» ABOUT THIS EXERCISE
The lines from the start of the records through the one containing "Brightener softener Each" are to be transcribed exactly, and nothing else.

[Records contained in a dataset]
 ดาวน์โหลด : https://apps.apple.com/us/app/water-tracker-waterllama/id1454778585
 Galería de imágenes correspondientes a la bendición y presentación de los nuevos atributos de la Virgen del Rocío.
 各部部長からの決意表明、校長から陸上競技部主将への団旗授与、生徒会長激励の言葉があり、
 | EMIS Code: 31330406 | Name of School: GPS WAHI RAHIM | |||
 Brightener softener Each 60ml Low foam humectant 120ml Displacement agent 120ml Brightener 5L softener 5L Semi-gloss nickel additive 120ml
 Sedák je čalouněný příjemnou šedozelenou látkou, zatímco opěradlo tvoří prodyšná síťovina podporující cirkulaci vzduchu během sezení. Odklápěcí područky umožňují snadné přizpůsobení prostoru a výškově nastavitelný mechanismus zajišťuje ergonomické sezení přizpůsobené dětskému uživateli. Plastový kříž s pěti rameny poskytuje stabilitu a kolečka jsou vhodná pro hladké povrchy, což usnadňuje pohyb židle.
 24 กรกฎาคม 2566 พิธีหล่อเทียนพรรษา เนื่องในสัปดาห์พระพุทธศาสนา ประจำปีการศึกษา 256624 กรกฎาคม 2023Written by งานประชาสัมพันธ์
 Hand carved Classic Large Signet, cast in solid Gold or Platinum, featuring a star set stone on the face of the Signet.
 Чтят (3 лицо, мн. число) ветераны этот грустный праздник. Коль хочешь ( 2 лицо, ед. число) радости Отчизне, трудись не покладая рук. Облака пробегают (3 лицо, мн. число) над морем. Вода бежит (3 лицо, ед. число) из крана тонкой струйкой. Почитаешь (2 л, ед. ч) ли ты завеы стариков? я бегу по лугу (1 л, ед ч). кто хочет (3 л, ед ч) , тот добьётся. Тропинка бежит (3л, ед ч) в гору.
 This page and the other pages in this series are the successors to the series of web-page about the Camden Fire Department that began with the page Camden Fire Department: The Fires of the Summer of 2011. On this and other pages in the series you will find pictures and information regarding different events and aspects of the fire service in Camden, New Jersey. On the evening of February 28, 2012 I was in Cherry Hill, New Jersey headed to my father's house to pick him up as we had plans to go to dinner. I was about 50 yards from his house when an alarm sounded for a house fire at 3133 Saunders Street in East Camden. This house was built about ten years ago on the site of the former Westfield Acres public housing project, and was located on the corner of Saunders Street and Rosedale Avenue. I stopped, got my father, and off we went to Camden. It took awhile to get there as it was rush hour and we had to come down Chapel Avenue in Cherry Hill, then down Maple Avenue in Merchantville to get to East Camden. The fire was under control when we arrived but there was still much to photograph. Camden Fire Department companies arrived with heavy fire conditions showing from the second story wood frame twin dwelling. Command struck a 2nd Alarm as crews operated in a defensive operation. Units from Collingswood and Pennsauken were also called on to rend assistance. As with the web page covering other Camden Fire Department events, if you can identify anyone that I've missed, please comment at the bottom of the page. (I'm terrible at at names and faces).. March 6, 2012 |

» RESPONSE TO THE TASK
 ดาวน์โหลด : https://apps.apple.com/us/app/water-tracker-waterllama/id1454778585
 Galería de imágenes correspondientes a la bendición y presentación de los nuevos atributos de la Virgen del Rocío.
 各部部長からの決意表明、校長から陸上競技部主将への団旗授与、生徒会長激励の言葉があり、
 | EMIS Code: 31330406 | Name of School: GPS WAHI RAHIM | |||
 Brightener softener Each 60ml Low foam humectant 120ml Displacement agent 120ml Brightener 5L softener 5L Semi-gloss nickel additive 120ml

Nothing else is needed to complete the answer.